Total amount all the children will get is $xy$
When the no. of children are 8 less $x - 8$, then the money each child got would be Rs. 10 more $y + 10$
Then the total money would become $\left( {x - 8} \right)\left( {y + 10} \right) \to (1)$
When the no. of children are 16 more $x + 16$, then the money each child got would be Rs.10 less $y - 10$
Then the total money would become $\left( {x + 16} \right)\left( {y - 10} \right) \to (2)$
The money is not changed so the equations 1 and 2 will be equal to $xy$
$\left( {x - 8} \right)\left( {y + 10} \right) = xy \\\ \to xy + 10x - 8y - 80 = xy \\\ \to 10x - 8y = 80 \\\ \to 5x - 4y = 40 \to eq(3) \\\ \left( {x + 16} \right)\left( {y - 10} \right) = xy \\\ \to xy - 10x + 16y - 160 = xy \\\ \to - 10x + 16y = 160 \\\ \to - 5x + 8y = 80 \\\ \to 5x - 8y = - 80 \to eq(4) \\\$
Writing equations 3 and 4 in matrix forms
Let the matrix A consists of the coefficients of x and y in equations 3 and 4, so the matrix A will be A = \left[ {\begin{array}{*{20}{c}} 5&{ - 4} \\\ 5&{ - 8} \end{array}} \right] and the matrix B consists of the values of equations and 4, so the matrix B will be B = \left[ {\begin{array}{*{20}{c}} {40} \\\ { - 80} \end{array}} \right] and the matrix X contains the variables x and y, so the matrix X will be X = \left[ {\begin{array}{*{20}{c}} x \\\ y \end{array}} \right]

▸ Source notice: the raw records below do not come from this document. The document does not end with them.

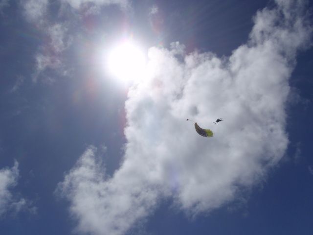 2000m を超えたあたりからの地上の景色はもうミニチュア。雲の間を飛び抜け高度4400mへ到達するともう怖いとか怖くないとかというよりも既に宙に浮いてるような感じです。そこからはダイバーさんのタイミングで有無を言わさずテイクオフ。フリーフォール中はほんとに宙を舞ってるようでサイコーです。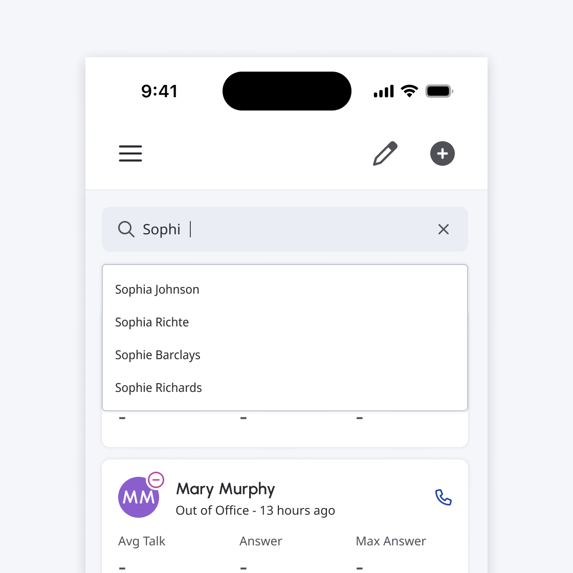 - Like the desktop experience, there are three types of search input: placeholder, populated and disabled.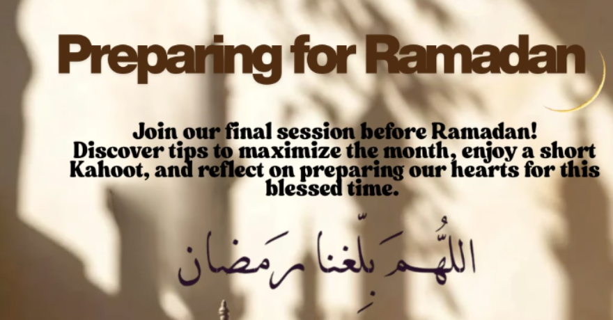 Join us for our last session before Ramadan, we’ll share practical tips to help you make the most of the month, play a short Kahoot, and take time to reflect on preparing our hearts for this blessed season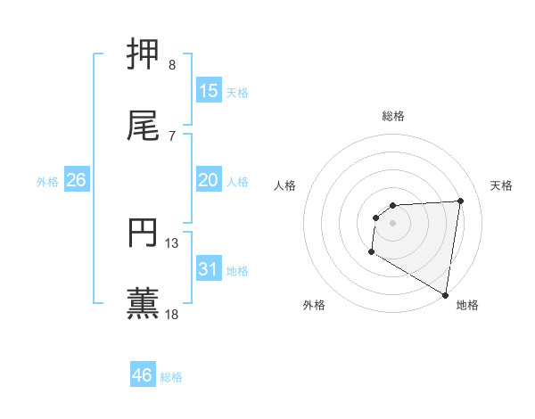 押尾 円薫さんの総格は46画の1点!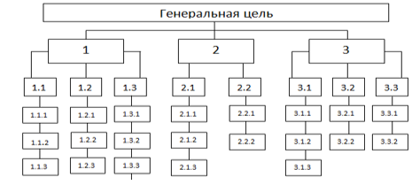 Метод «дерева целей» – метод, основанный на принципе разделения общей цели системы управления на подцели, которые, в свою очередь, делятся на цели нижележащих уровней. Данный метод играет важное значение при исследовании систем управления, так как деятельность организации сводится к достижению сформулированных целей. Необходимость использования данного метода обусловлена тем фактом, что «дерево целей» помогает получить устойчивую структуру целей, которая будет относительно стабильна на каком-то промежутке времени при происходящих изменениях [11].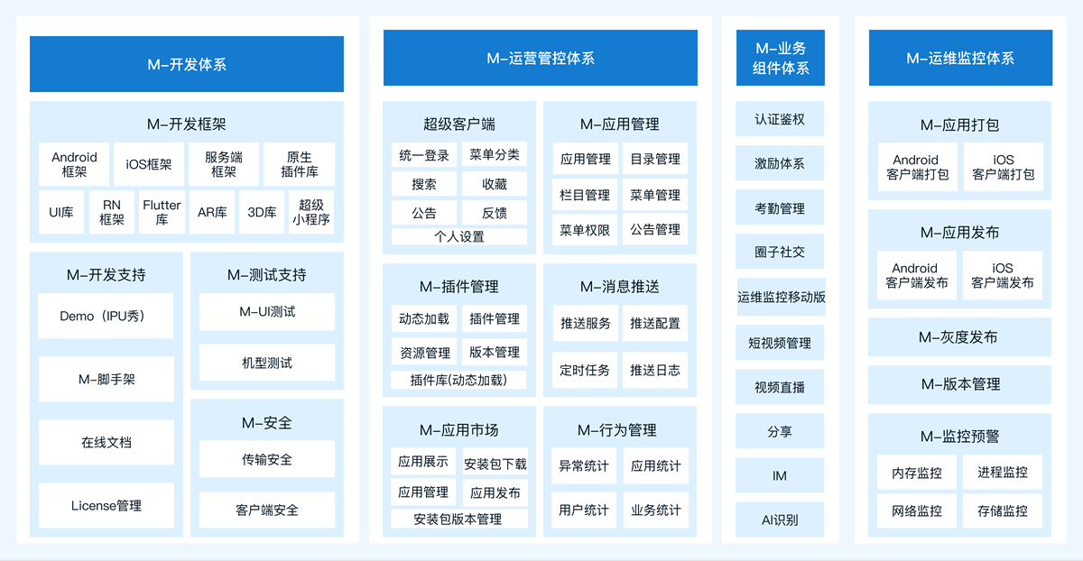 协助企业构建移动应用生态。 从各层面(开发、运营、管理、运维监控等)为构架企业级移动应用生态提供产品支撑。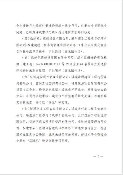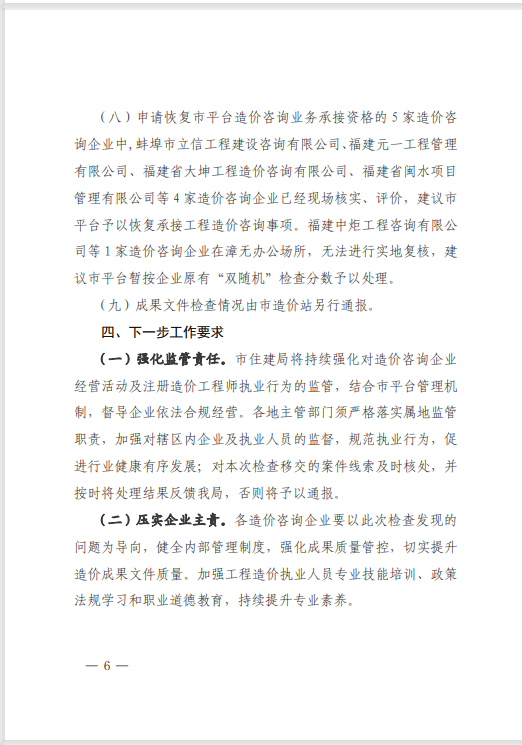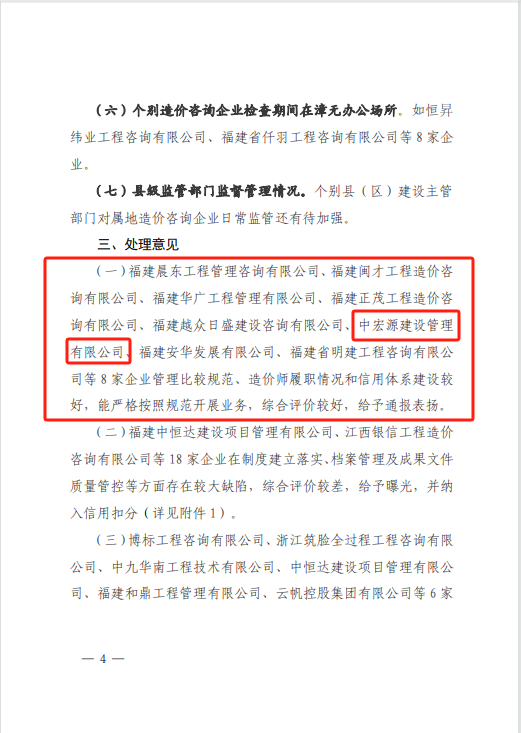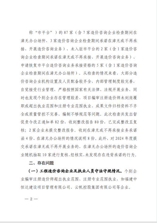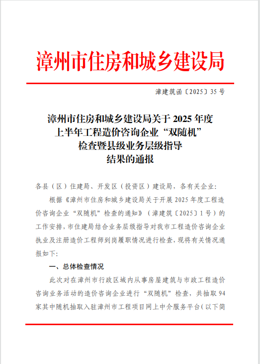 近日,漳州市住房和城鄉建設局完成2025年度上半年工程造價咨詢企業“雙隨機”檢查暨縣級業務層級指導工作,對在漳州市行政區域內從事房屋建筑與市政工程造價咨詢業務活動的94家企業進行了檢查。中宏源建設管理有限公司憑借在多方面的出色表現,得到了通報表揚。

Therefore we can write equations 3 and 4 as
$AX = B \\\ X = {A^{ - 1}}B \\\$
To find the values of x and y we have to first find the value of inverse of matrix A. If matrix A is
A = \left[ {\begin{array}{*{20}{c}} a&b; \\\ c&d; \end{array}} \right],adj\left( A \right) = \left[ {\begin{array}{*{20}{c}} d&{ - b} \\\ { - c}&a; \end{array}} \right] \\\ {A^{ - 1}} = \dfrac{1}{{\det A}}adj\left( A \right) \\\ A = \left[ {\begin{array}{*{20}{c}} 5&{ - 4} \\\ 5&{ - 8} \end{array}} \right] \\\ \det A = \left( { - 40 + 20} \right) = - 20 \\\ adj\left( A \right) = \left[ {\begin{array}{*{20}{c}} { - 8}&{ - \left( { - 4} \right)} \\\ { - 5}&5 \end{array}} \right] = \left[ {\begin{array}{*{20}{c}} { - 8}&4 \\\ { - 5}&5 \end{array}} \right] \\\ {A^{ - 1}} = \dfrac{1}{{ - 20}}\left[ {\begin{array}{*{20}{c}} { - 8}&4 \\\ { - 5}&5 \end{array}} \right] = \dfrac{1}{{20}}\left[ {\begin{array}{*{20}{c}} 8&{ - 4} \\\ 5&{ - 5} \end{array}} \right] \\\ X = {A^{ - 1}}B \\\ \to X = \dfrac{1}{{20}}\left[ {\begin{array}{*{20}{c}} 8&{ - 4} \\\ 5&{ - 5} \end{array}} \right]\left[ {\begin{array}{*{20}{c}} {40} \\\ { - 80} \end{array}} \right] \\\ \to \left[ {\begin{array}{*{20}{c}} x \\\ y \end{array}} \right] = \dfrac{1}{{20}}\left[ {\begin{array}{*{20}{c}} {320 + 320} \\\ {200 + 400} \end{array}} \right] = \dfrac{1}{{20}}\left[ {\begin{array}{*{20}{c}} {640} \\\ {600} \end{array}} \right] \\\ \to \left[ {\begin{array}{*{20}{c}} x \\\ y \end{array}} \right] = \left[ {\begin{array}{*{20}{c}} {\left( {\dfrac{{640}}{{20}}} \right)} \\\ {\left( {\dfrac{{600}}{{20}}} \right)} \end{array}} \right] = \left[ {\begin{array}{*{20}{c}} {32} \\\ {30} \end{array}} \right] \\\ \therefore x = 32,y = 30 \\\
The no. of children is 32, money each student got initially is Rs.30
Total amount= $32 \times 30 = Rs.960$

Note : In a 2×2 matrix A, the adjoint of A can be found by swapping the diagonal elements a, d and putting negatives in front of b and c. In transpose of a matrix, the rows and columns are reversed whereas the inverse of a matrix is such that when it is multiplied by the original matrix it must result in an identity matrix. So do not confuse between inverse and transpose of a matrix.